BMW’s carbon fiber parts will soon be replaced with a lightweight, flax-based natural fiber, and it’s hitting mass production for consumer cars soon.
BMW‘s carbon fiber roof parts will soon be replaced with plant fiber. When the BMW M4 GT4 hits the Nürburgring for its next 24-hour race, it’ll be race-testing the same flax-based natural fiber composites. I don’t think that means you’ll be able to eat your Bimmer (yet), but it should make their construction more environmentally friendly.
Visible trim pieces on M cars that have been carbon in the past will start to be replaced with this similar-looking plant stuff. BMW announced this week that its flax-fiber (not the official name) has been “confirmed for series maturity,” meaning ready for mass production.
The German automaker been working with Swiss clean-tech company Bcomp for several years to develop new lightweight composites from renewable raw materials. And while natural fibers have been tested in BMW’s racing cars for some time (Formula E in 2019, M4 GT4 and DTM later), the idea is finally making its way to road cars.
BMW has a stake in Bcomp through its venture capital arm, called BMW i Ventures.
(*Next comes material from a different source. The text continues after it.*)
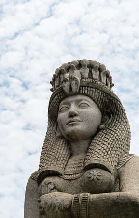Egypt style sculpture in the cloudy sky background
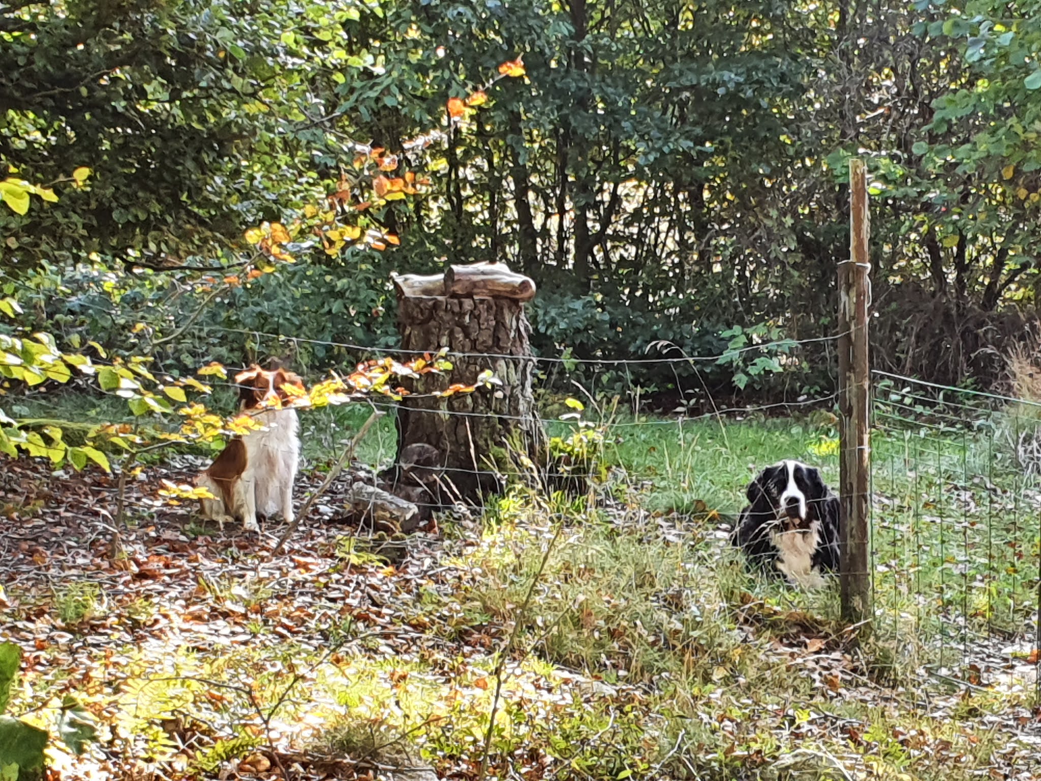 Det var ett år sedan jag var i skrivarstugan. Sedan dess har jag haft hjälp med att ta ner massor av träd, något som gjort att staketet fick försvinna. Därför var jag tvungen att sätta upp nytt staket innan jag kunde släppa hundarna på tomten. Men jag har en liten hundgård och där fick de vara under tiden. Nu när det nya staketet är på plats inser jag att jag behöver åtgärda hundgården också. Provisoriskt uppsatt för många år sedan och så har den förblivit. Men den fungerar, hundarna rymmer inte även om de lätt skulle kunna hoppa över staketet, eller knuffa upp kompostgallret som bara står lutat mot nätet vid utgången.

The ultimate goal is to reduce carbon emissions (at a corporate level—not the tailpipe emissions of the individual cars it’s fitted to). As the brand states in its release, “Lightweight construction has long been a crucial development field for the BMW Group. The use of natural fibers with a reduced CO₂e footprint in composite materials has become increasingly important. Materials tests have demonstrated the fibers’ great suitability, especially for visible exterior and interior components.”
Soon, BMW’s going to swap carbon fiber roofs in its road cars for this stuff, claiming that it’ll cut corporate emissions by “around 40% in production.” I’m into it—looks good in these demo photos the company shared.